Ответ приходит не сразу. Гарри слушает шум волн, бьющихся о борт «Леди Энн», вспоминает, как много лет назад они с парнями валялись прямо на полу в общей каюте — юнгам с гамаками и тюфяками не особо, знаете ли, везло, — и мечтали, как их имена будет знать весь мир, казавшийся тогда огромным. Вроде бы, именно в одну из таких ночей Зейн попросил Луи научить его писать (всякое в жизни пригодится), и Томлинсон все свободное время тратил на обучение друга этой не такой уж хитрой науке.

«Почему ты предал нас? Что же было не так?»

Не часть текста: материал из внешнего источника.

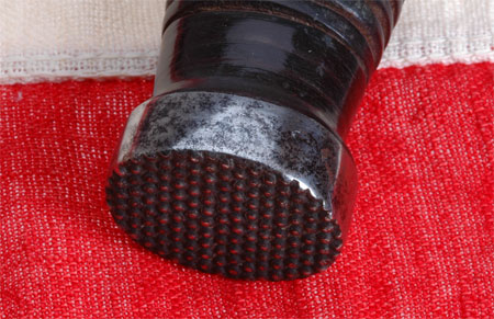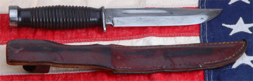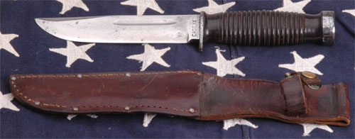 Case Quartermaster Knife: One piece leather grip, thick sturdy 6 inch blade used to pry open wooden crates, knurled pommel, like the face of a framing hammer, to hammer the crate nails back into place; brown leather sheath reinforced with eight steel staple studs; overall moderate wear.

Гарри ищет и не находит ответ, а тоска свербит за ребрами, ноет, завывает больным ветром и мешает уснуть. Кажется, его не удовлетворило дерзкое письмо, оставленное англичанам. Кажется, ему до сих пор так больно, что эта боль прорастает в легких и мешает вздохнуть. Кажется, он поступает, как Зейн когда-то, и это приравнивает его к бывшему другу, навсегда получившему звание «предатель». И если Гарри так гордился, что не предал бы даже своего врага, почему он сделал это теперь?

Англичане совсем не так тупы, как хотелось бы. Смогут сложить несколько фактов и осознать, что кто-то команду «Леди Энн» о приближении трех фрегатов предупредил. А кто ещё это мог быть, как не бывший пират?

Совесть выгрызает в душе у Гарри дыру. Он бьет кулаком по постели: чем же он лучше Малика? И ненавидит себя за слабость, ненавидит до зубовного скрежета. И хотя ни Луи, ни Лиам, ни Найл его не осуждают, он осуждает сам себя. Эйфория от дерзкого поступка проходит, растворяется в пене морской, а боль — вот она, всегда с ним, навсегда за грудиной плещется, разъедает отравой.

Гарри поднимается, набрасывает рубашку на плечи. Быть может, соленый воздух океана и шум волн утихомирят его душу, как всегда и бывало? Море и палуба «Леди Энн» спасали от любых кошмаров, тянущих лапы в ночи. Он выбирается на палубу. На квартердеке Джон — сменил Поля, очевидно. Гарри кивает ему, но к рулю не поднимается, отходит к борту, опирается о фальшборт. Море — темное, но спокойное, плещется о бока «Леди Энн», успокаивает, утешает… зовёт. А над ним — звезды, бархатным полотном, расшитым драгоценными камнями, небо раскинулось над волнами, и черт знает, где океан переходит в небеса.